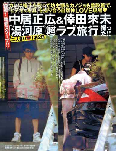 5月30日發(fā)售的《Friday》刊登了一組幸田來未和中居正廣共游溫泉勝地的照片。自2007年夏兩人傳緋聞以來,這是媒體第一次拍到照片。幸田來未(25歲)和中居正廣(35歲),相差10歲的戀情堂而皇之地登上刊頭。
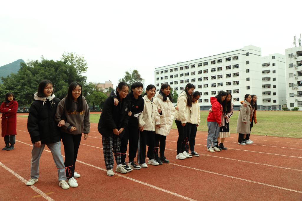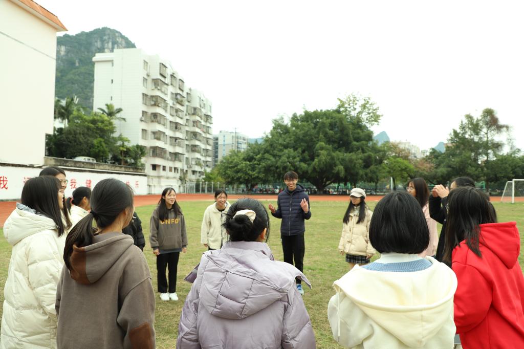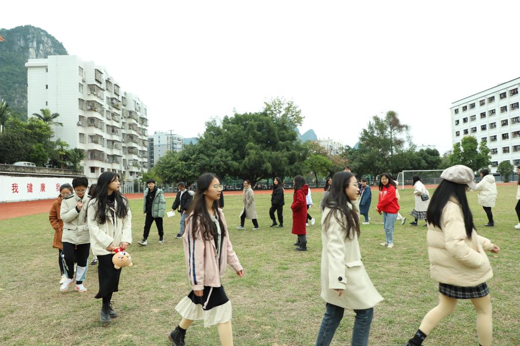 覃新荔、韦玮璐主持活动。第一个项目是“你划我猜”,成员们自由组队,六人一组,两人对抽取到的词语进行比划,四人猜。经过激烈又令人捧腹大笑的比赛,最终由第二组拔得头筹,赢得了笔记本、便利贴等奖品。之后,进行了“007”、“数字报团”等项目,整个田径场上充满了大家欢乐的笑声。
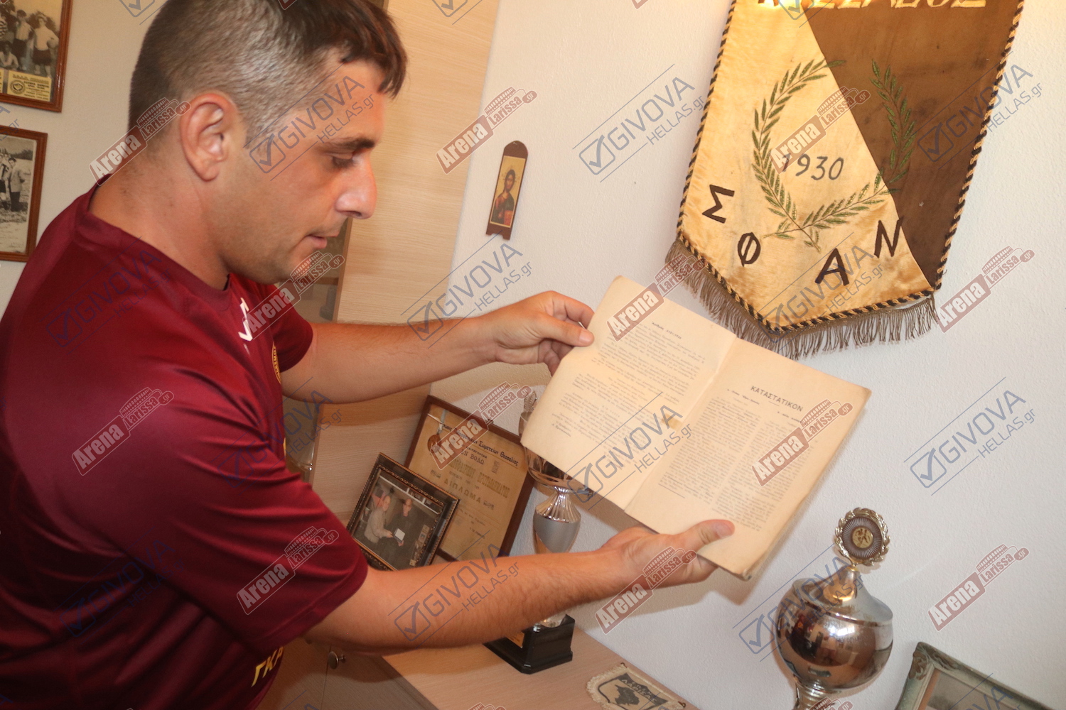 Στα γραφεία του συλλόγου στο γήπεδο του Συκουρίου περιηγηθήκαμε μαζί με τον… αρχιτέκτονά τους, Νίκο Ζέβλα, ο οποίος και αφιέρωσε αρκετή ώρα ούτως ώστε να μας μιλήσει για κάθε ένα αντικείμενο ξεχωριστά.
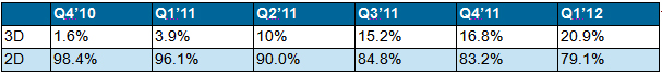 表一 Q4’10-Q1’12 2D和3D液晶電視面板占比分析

## TASK STATEMENT:
Using the data above, write out every line exactly, leaving the images behind.

## SOLUTION BELOW:
 5月30日發(fā)售的《Friday》刊登了一組幸田來未和中居正廣共游溫泉勝地的照片。自2007年夏兩人傳緋聞以來,這是媒體第一次拍到照片。幸田來未(25歲)和中居正廣(35歲),相差10歲的戀情堂而皇之地登上刊頭。
 覃新荔、韦玮璐主持活动。第一个项目是“你划我猜”,成员们自由组队,六人一组,两人对抽取到的词语进行比划,四人猜。经过激烈又令人捧腹大笑的比赛,最终由第二组拔得头筹,赢得了笔记本、便利贴等奖品。之后,进行了“007”、“数字报团”等项目,整个田径场上充满了大家欢乐的笑声。
 Στα γραφεία του συλλόγου στο γήπεδο του Συκουρίου περιηγηθήκαμε μαζί με τον… αρχιτέκτονά τους, Νίκο Ζέβλα, ο οποίος και αφιέρωσε αρκετή ώρα ούτως ώστε να μας μιλήσει για κάθε ένα αντικείμενο ξεχωριστά.
 表一 Q4’10-Q1’12 2D和3D液晶電視面板占比分析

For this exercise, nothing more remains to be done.